How to use AI in accounting
To better envisage the role of artificial intelligence in accounting, here are a few use cases. Accountancy firms can currently harness AI to:
- Accelerate the preparation of client accounts
- Conduct manager and partner reviews more efficiently
- Continuously monitor client files to detect unusual balances and missing transactions
- Leverage historical data to predict trends and assist in planning
- Enable seamless internal and external communication
The ethical impact of artificial intelligence in management accounting
As they roll out AI-driven technologies, accounting firms have a responsibility to ensure these tools benefit the profession as a whole. The ethical impact of artificial intelligence in management accounting is a multifaceted issue. Here are some key points to consider:
- Transparency:
AI systems must be transparent in how they process data and make decisions, especially when these affect financial outcomes. There is a need for AI systems to be explainable, so that accountants and auditors can understand and verify the processes by which AI-derived conclusions are reached. - Data privacy:
With AI relying heavily on data, there is a heightened risk related to data privacy breaches and misuse of sensitive information. By ensuring AI systems comply with data protection regulations, firms can protect client confidentiality and prevent financial fraud. - The impact on human jobs:
As AI steps in to automate more complex processes, this continues to raise concerns about job displacement within the accounting industry. Ethical adoption of artificial intelligence in accounting involves considering strategies for retraining or redeploying staff affected by automation. When implemented thoughtfully, AI can create new opportunities. Over the next five years, Demos reports that AI could generate nearly 20,000 new jobs in the sector, with firms using AI likely to hire ten times more workers than those that don’t.

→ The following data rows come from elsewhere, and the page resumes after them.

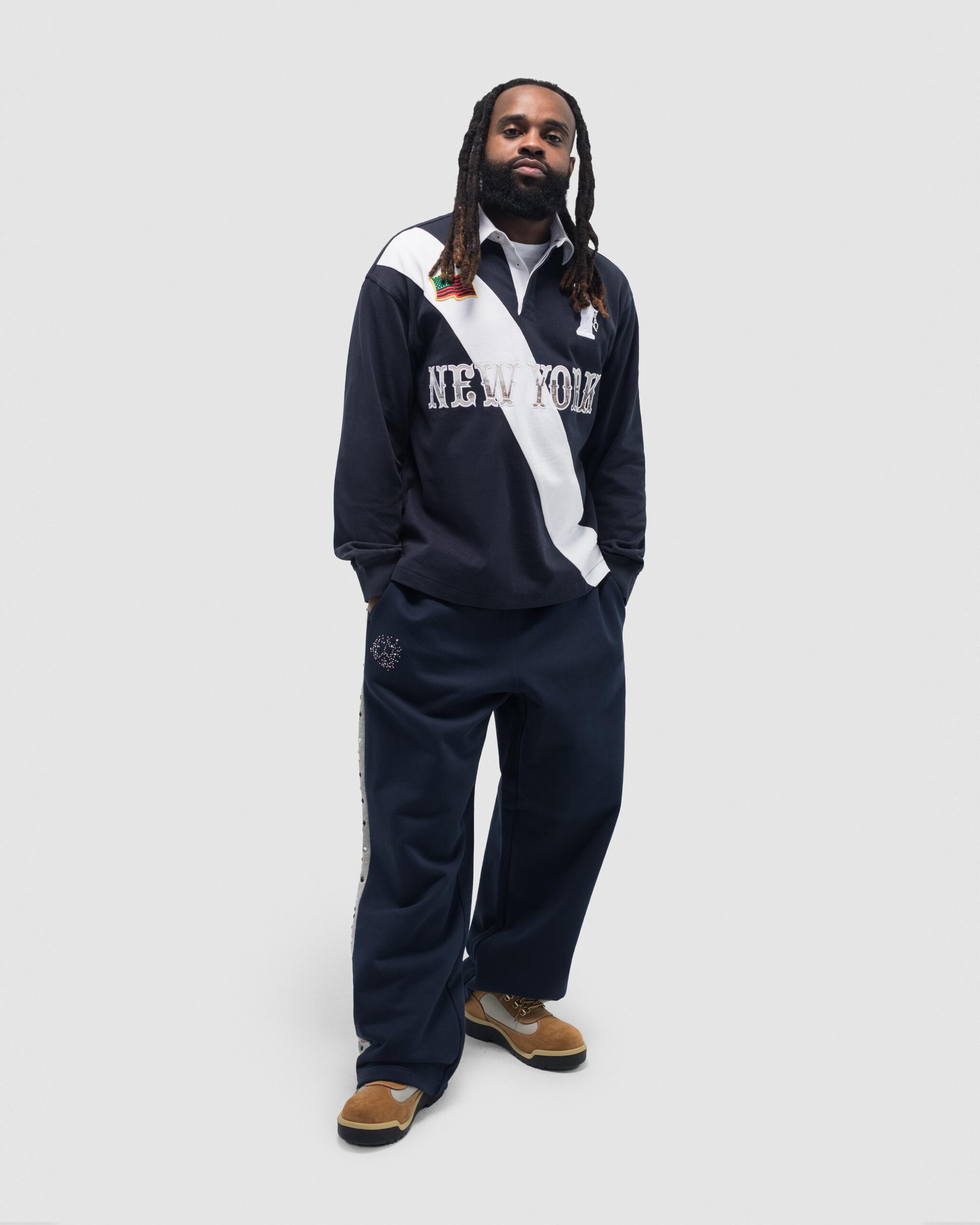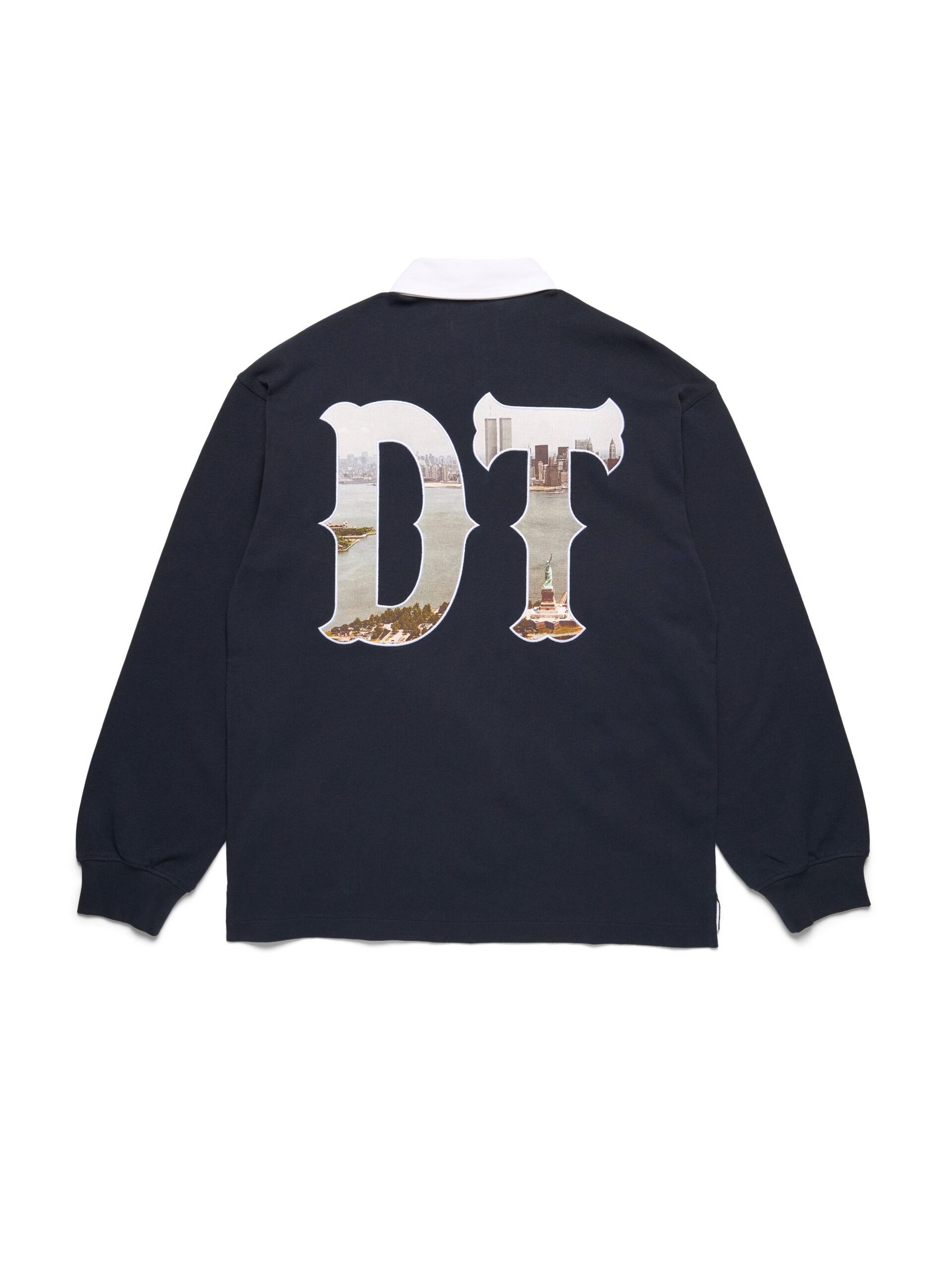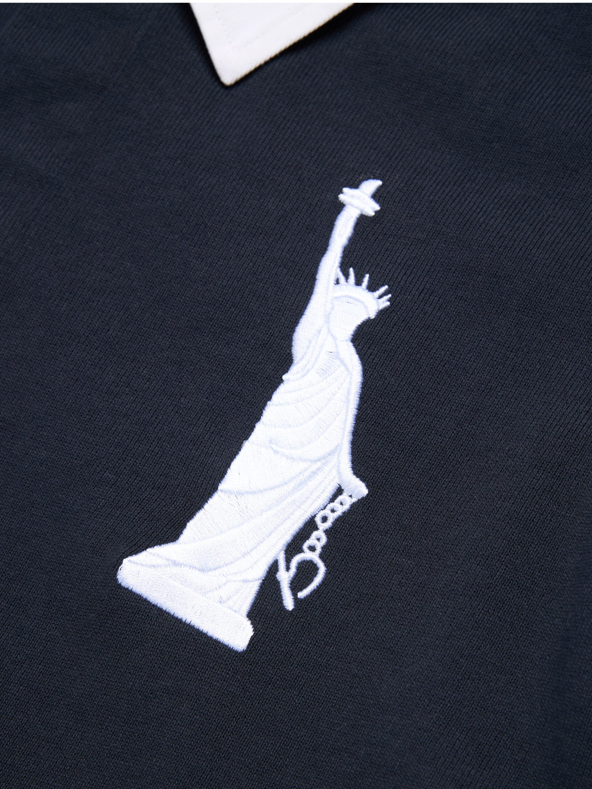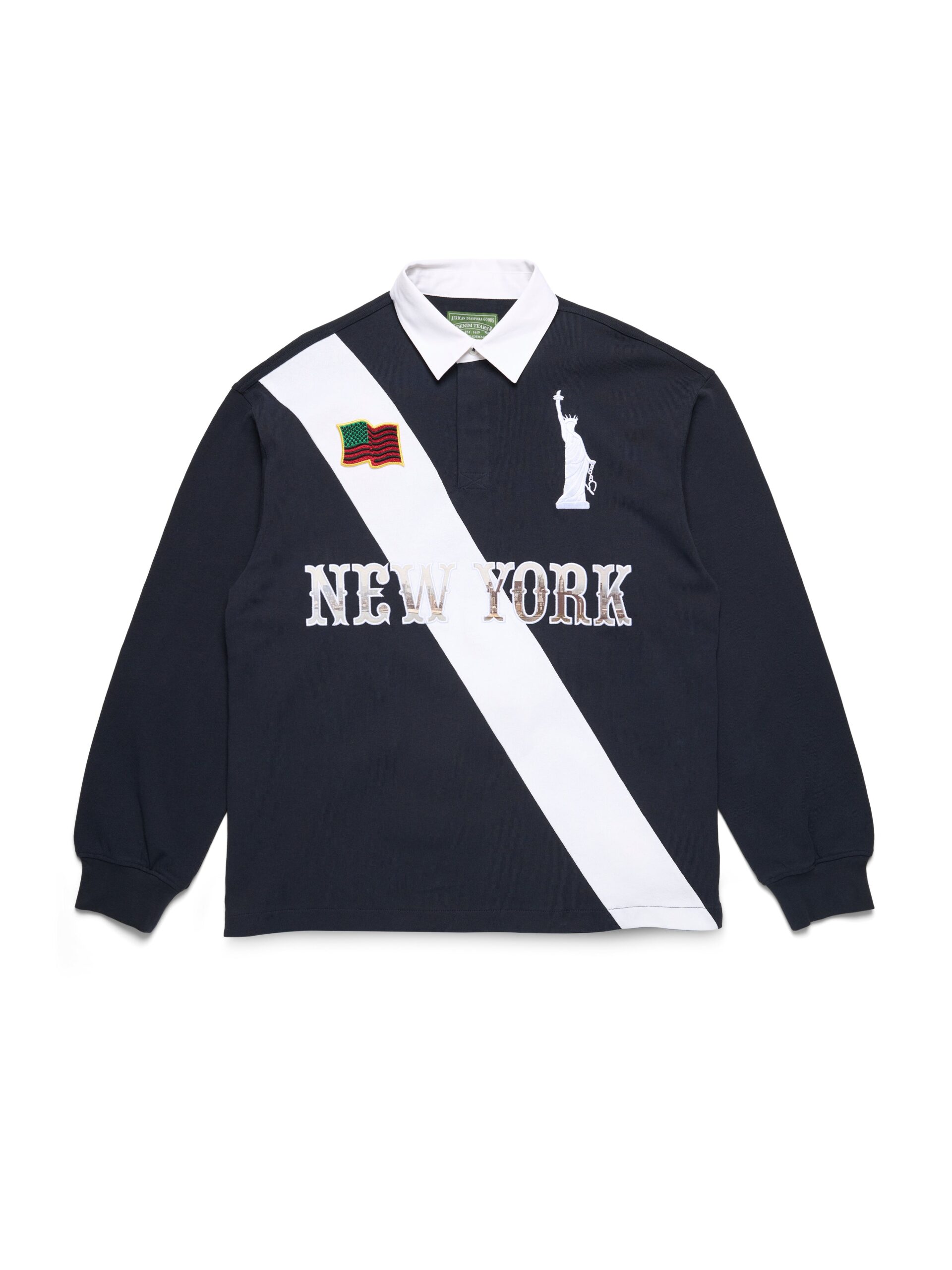 Produced in 100% heavyweight cotton and cut to a regular fit with a concealed button-up collar, our Lady Libertas  Rugby updates a classic silhouette with Libertas motifs, including an embroidered ‘Libertas’ Lady Liberty, 1886 – the year of the statue’s dedication – a Denim Tears New York spellout photo appliqué, and a Pan-African American Flag embroidered patch.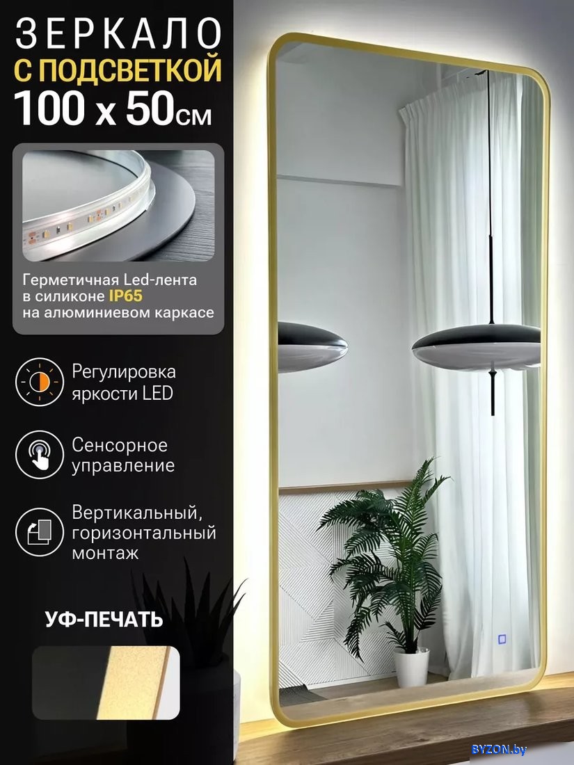Зеркало с подсветкой eMZe Smartphone 50x100 LED.UV.SMART.50.100.AUR (золото с УФ-окантовкой и подсветкой) - купить в Минске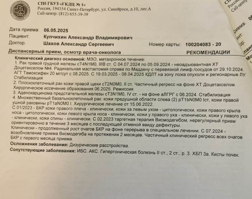 Александр Владимирович — человек в общении очень позитивный, доброжелательный. Сложно поверить, что у него три онкологических диагноза, множество сопутствующих заболеваний, что он проходит тяжелое длительное лечение, и пока еще даже не на финишной прямой.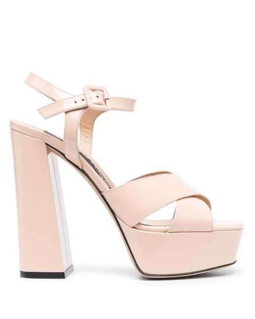 Women's Natural 90Mm Platform Sandals With Crossover Straps And Buckle Detail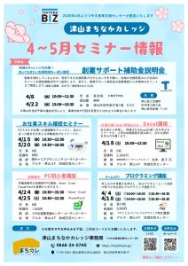 ①津山まちなかカレッジ 4~5月開催セミナー情報【津山まちなかカレッジ事務局/つやま産業支援センター】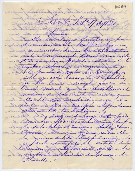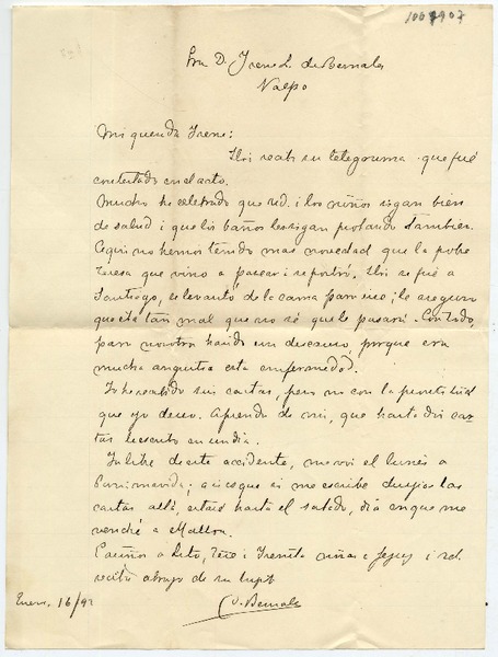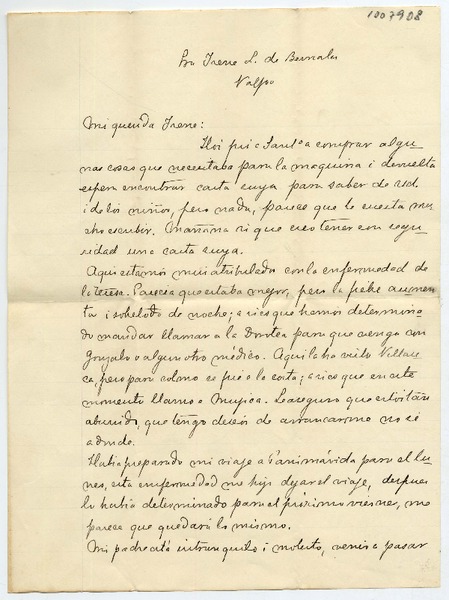 [Carta] 1907 Sept[iembre] 20, Sant[iago] [para] Leoncio Bernales L. [manuscrito] Daniel.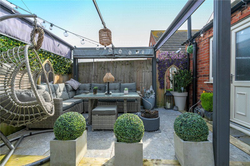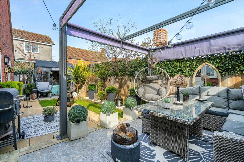 Outside, the rear garden has been cleverly landscaped to create a private and low-maintenance retreat. Immediately adjoining the property is a paved patio leading to a superb covered pergola seating area, ideal for outdoor dining and entertaining. This sheltered space comfortably accommodates a large seating arrangement and benefits from feature lighting and decorative planting.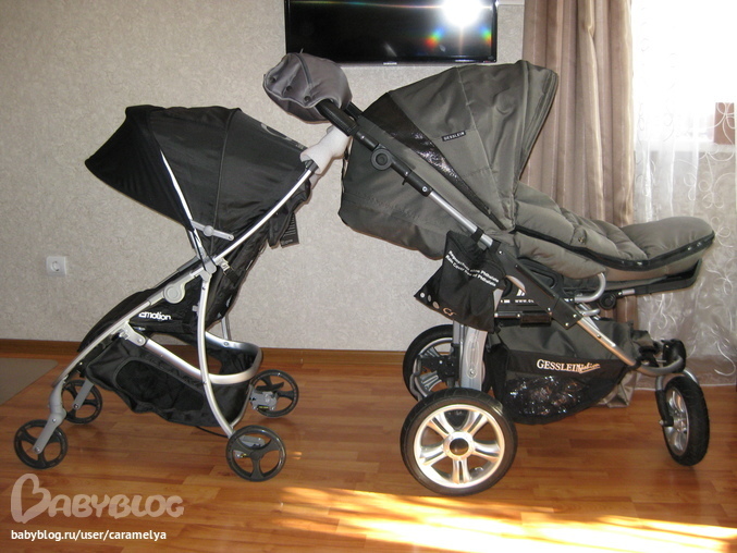 Основная прогулка у нас - танк Gesslein, нужна была компактная и легкая докатка с цельной ручкой, одинарными колесами, хоть какой-нибудь амортизацией, кучу всего перечитала, остановилась на Emotion, никак с мужем не могли определиться с цветом, я хотела зеленую или желтую, он настаивал на черной. И тут в Озоне была акция, скидка 20% на черный цвет, заказала, не думая, обошлась коляска в 9200 р.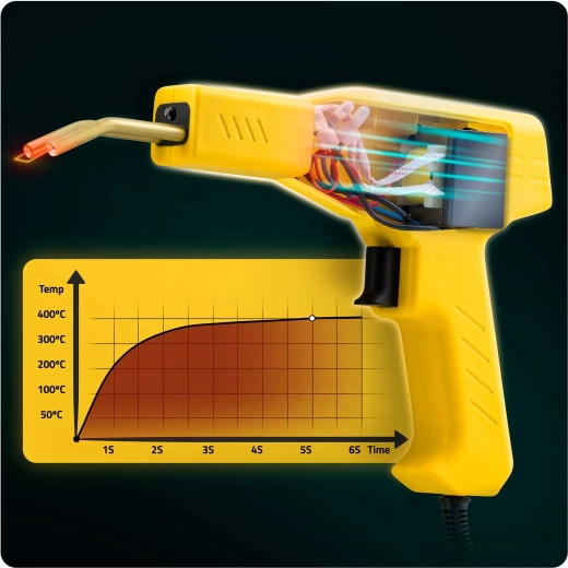 Za pomocą tej kompaktowej zgrzewarki do plastiku naprawisz pęknięcia i złamania w mgnieniu oka – od samochodowych zderzaków, przez klosze reflektorów, po elementy sprzętów domowych. Dzięki szybkiemu wzrostowi do 400 °C w 5 sekund i mocy 50 W oszczędzasz czas i koszty serwisu. Lampka LED precyzyjnie oświetla miejsce pracy, a ergonomiczny spust umożliwia wygodne dozowanie ciepła.
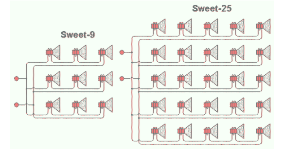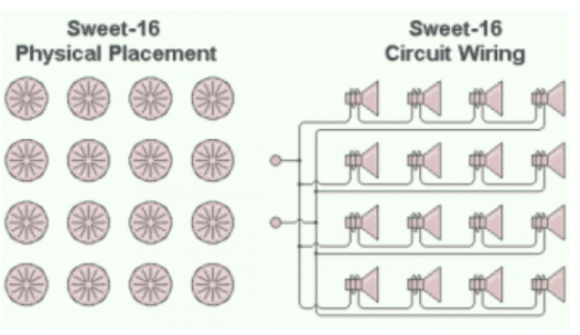 舉例來說,如果每個揚聲器呈現(xiàn)8Ω的音圈阻抗,則16個揚聲器組成的復(fù)合揚聲器也將呈現(xiàn)相同的8Ω。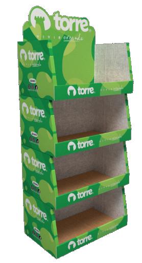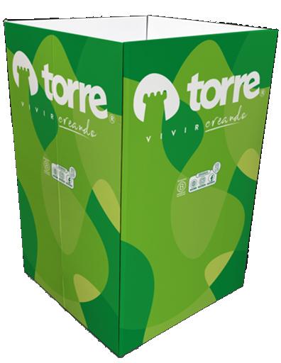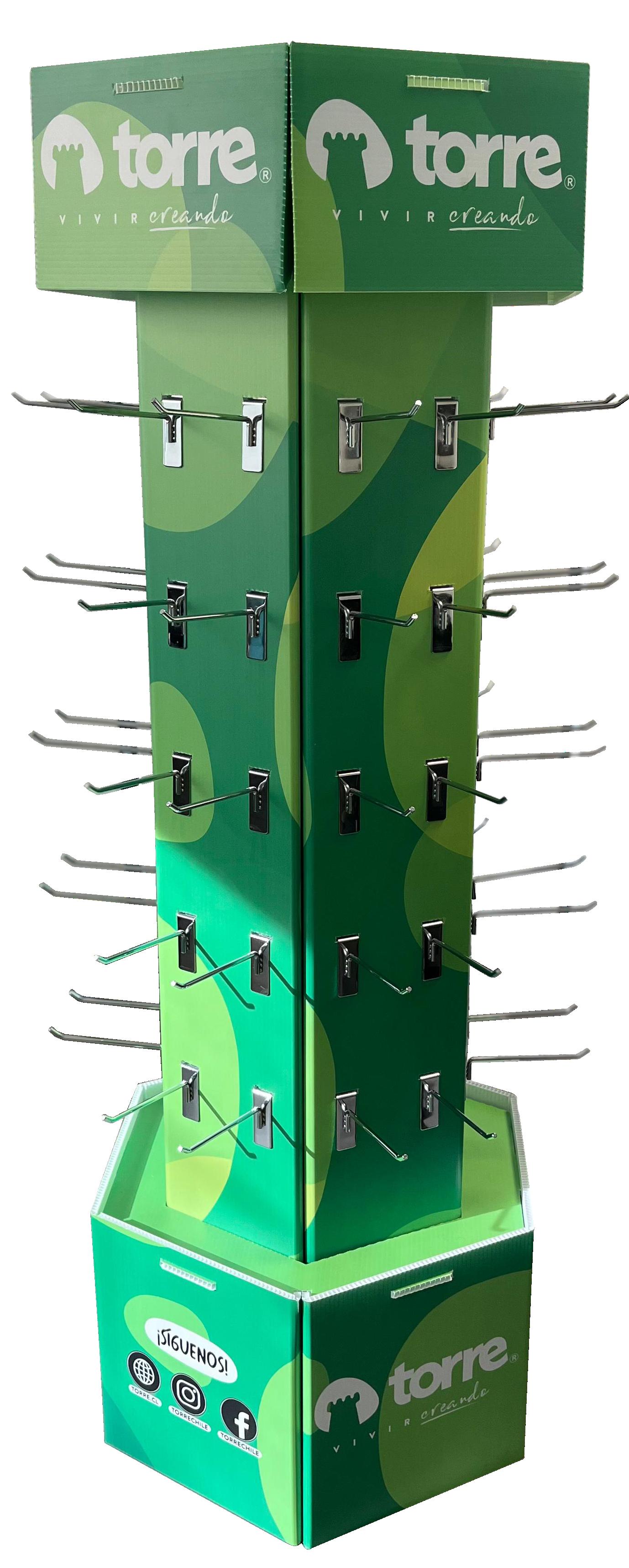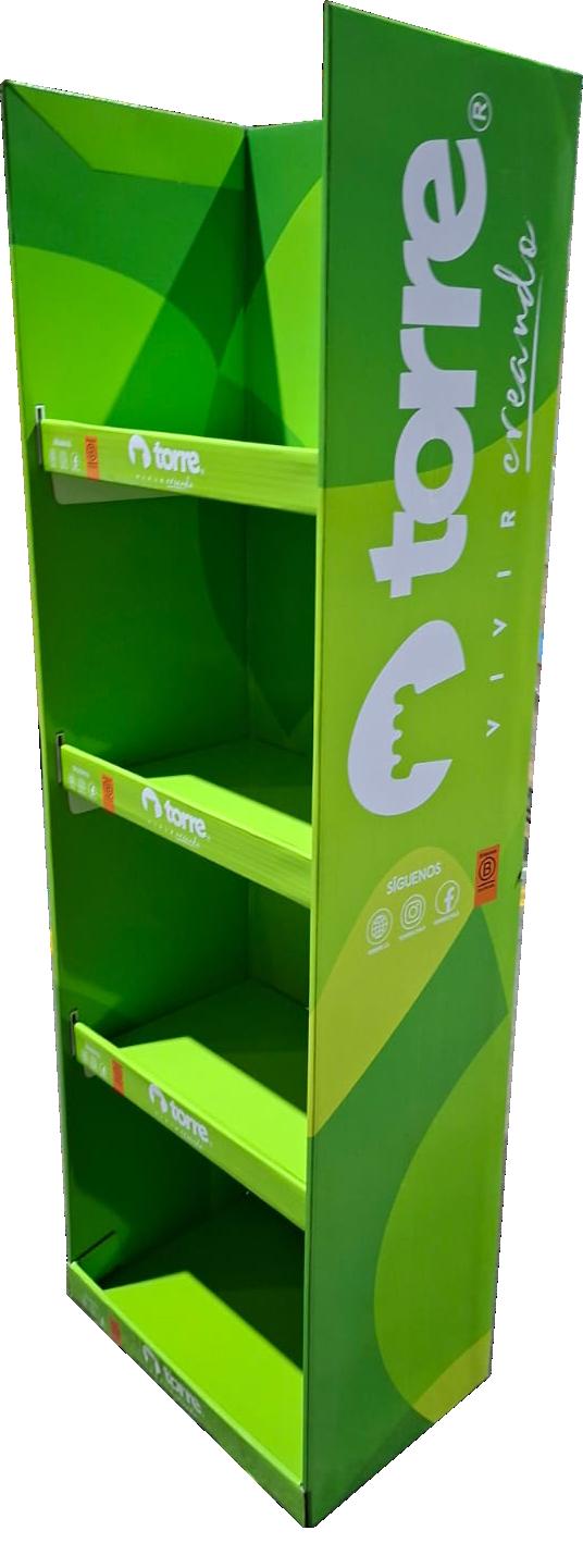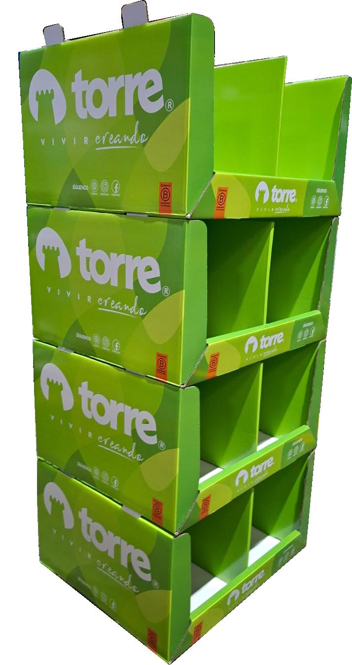 Exhibidor en cartón tipo apilable de 5 niveles, liviano y de alta resistencia de carga ideal para escolar.

The evolving role of artificial intelligence in accounting
What’s on the horizon for accounting firms?
By 2025-2026:
- AI’s ability to accelerate reporting processes could help firms manage upcoming regulatory developments in the UK’s digital financial reporting landscape. The Financial Reporting Council (FRC) and other UK regulators have begun consulting on significant changes in how financial information is submitted. This includes potential expansions into sustainability reporting, interim financial reports and prospectus data.
By 2027:
- 41% of financial services organisations are expected to achieve long-term AI adoption maturity, which means they will have used AI for more than seven years.
- Over 50% of GenAI models are projected to be tailored to specific industries or business functions, a leap from just 1% in 2023. In accounting, this could lead to more specialised AI tools for tasks like financial statements, management reporting and tax computations.
One to watch:
- Quantum computing, built on principles of quantum mechanics, uses quantum bits (qubits) to perform calculations at speeds unattainable by today’s computers. In accounting, AI-enabled quantum computing could dramatically reduce the time it takes to analyse data and manage tax processes. Although no commercially viable quantum machine exists yet, firms that stay informed and gain the relevant skills could achieve a first-mover advantage when this technology hits the market.
“Quantum is poised to dramatically reduce the time and cost required to carry out tax audits. When used alongside AI, advanced analytics and multidimensional ledger analysis, quantum presents an opportunity for near real-time processing of taxpayer transaction audits.” – Channing P. Flynn, EY Global International Tax and Transaction Services Partner
Conclusion
AI technology offers immense potential to transform the way accountancy firms work, communicate, unlock insights and serve clients. The truth is, we are only just beginning to understand its power and impact. By prioritising employee development and being mindful of the ethical impact of artificial intelligence in management accounting and other areas of the profession, firms can harness the power of AI responsibly and effectively, ensuring alignment with their core values.